I took the above picture at my current home group. There is a white board in the room, all the birthdays for the month get posted. I love the way my name and the number of years I have been sober is listed. I am just right there amoungst 'em. Not ahead, not behind, just right there with you all. All the sober members of Alcoholics Anonymous. My sponsor talks about how lonely it is the longer you stay sober. I have had a taste of that and it is very sad, in a bitter sweet kind of way.
I am certainly grateful to be sober and alive. But I do miss my old friends. I miss the folks who have died and who are now drinking.
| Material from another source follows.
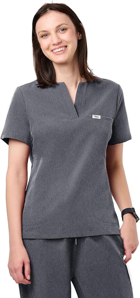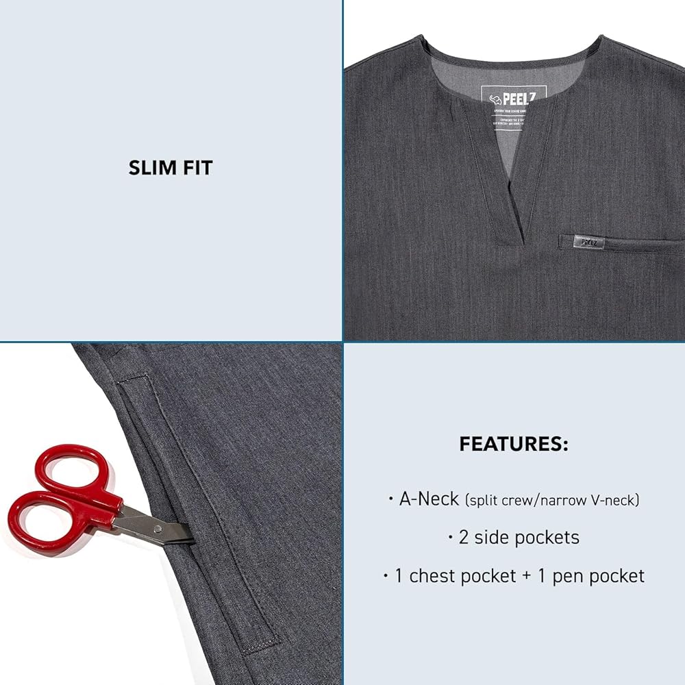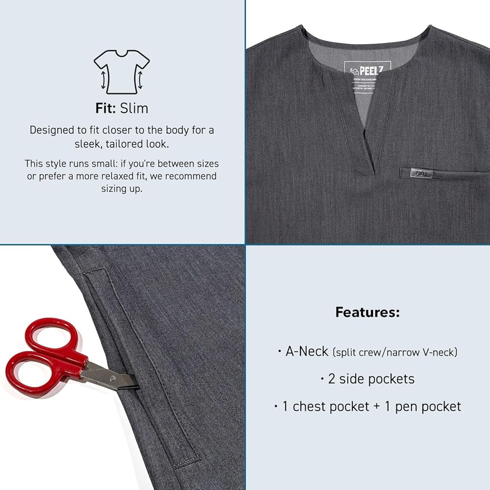Tired of juggling essentials during a hectic shift? Meet the Rina A-Neck 4-Pocket Scrub Top from Peelz Scrubs, designed for healthcare professionals and first responders who want functional scrubs in a different style. Experience the Z Factor benefits of high-quality 4-way stretch fabric, maximum comfort, and a tailored fit for ultimate performance. With its versatile style and functional features, this scrub top offers affordable luxury, ensuring you stay comfortable, confident, and professional all day long. Designed to keep you organized and focused, this scrub top offers a smart pocket design that includes 1 welt pocket, a pen pocket and 2 side besom pockets for your work essentials. This feature allows quick access and efficient operation, making it an excellent choice for those seeking reliable and practical workwear. Whether navigating busy hospital corridors or attending to patients, this scrub top ensures women in healthcare environments are prepared to take on their day with reliability and ease. Designed with premium 4-way stretch fabric, this scrub top provides unmatched comfort and flexibility, offering a luxurious feel throughout your demanding day. The breathable fabric wicks away moisture, keeping you dry and comfortable through the busiest days. The short sleeves help keep you comfortable while the machine washable and dryable fabric makes for an easy laundry day. Peelz Scrubs are crafted for long-lasting durability that seamlessly integrate into your routine. Versatile enough to harmonize with any work ensemble, this women's scrub top is a perfect blend of modern style and utility. Whether paired with classic scrub pants or worn casually, this top adapts seamlessly to your style. Elevate your professional attire with the Rina A-Neck 4-Pocket Scrub Top and experience the enhanced blend of comfort and efficient design that makes it a must-have women's scrub tops.
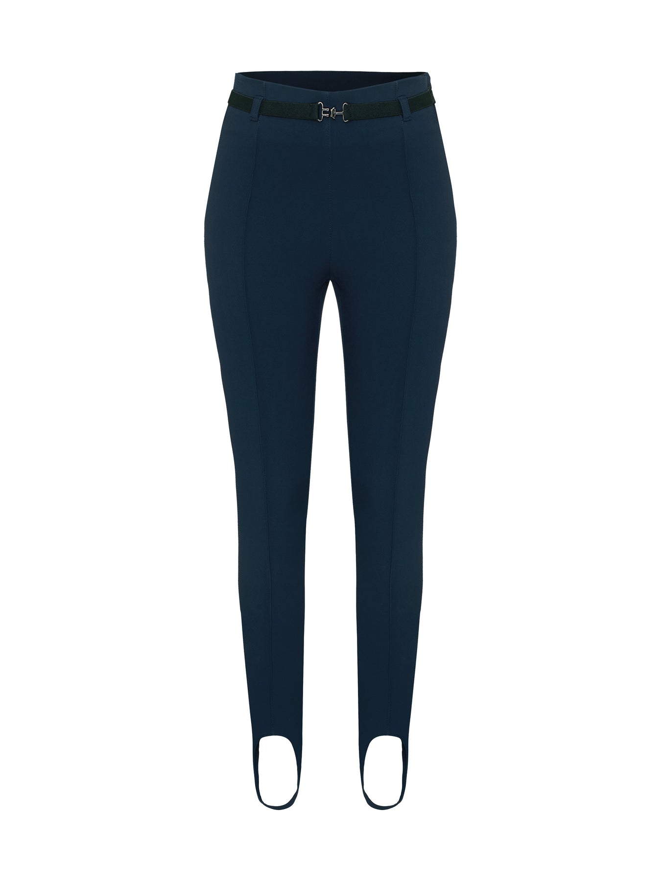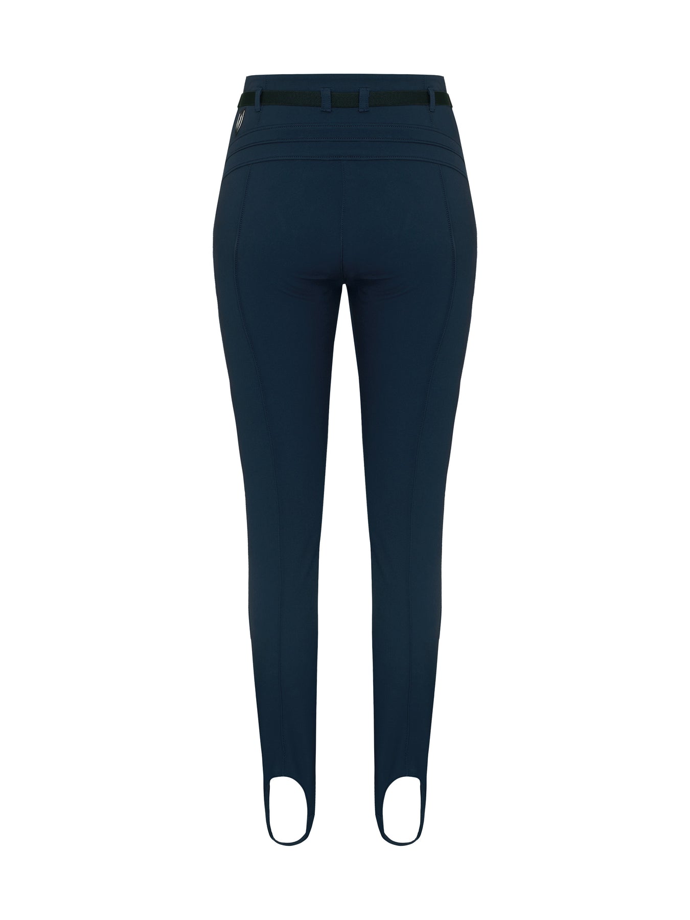The THEODORA women’s stirrup pants are designed for a variety of activities during the cold season. Whether at après-ski, on a winter walk, or golfing, a stylish appearance is guaranteed. The pants impress with their perfect fit and feminine silhouette, while the thermo double fabric provides pleasant warmth. A YKK zipper is integrated into the left side seam to make it easier to put on and take off the stirrup pants. With an elastic belt and a 3D Toni Sailer logo patch.

I miss the ones who really messed up and are now in prison. I miss the ones who just aren't around anymore.
So, I will drive the 15 or 20 miles up north to my old home group and be with a bunch of survivors. And I will be so incredibly grateful for them. If my old friend Ron is there, we will embrace as if we have never had a harsh word. And then someone will remind us of the time I called him horrible names, threw coffee at him, and stormed out of a meeting. Someone else will remind us of the time he tried to have me permanently banned from our group (that was LONG before I threw coffee at him). I have history with these people, some of it good, some of it not so good. But we love each other deeply, no matter how we used to feel about each other.
I am so grateful for all of the sober members of Alcoholics Anonymous. I am so grateful that I get to be "One Sober Alcoholic." Thank you for sharing this wonderful life with me.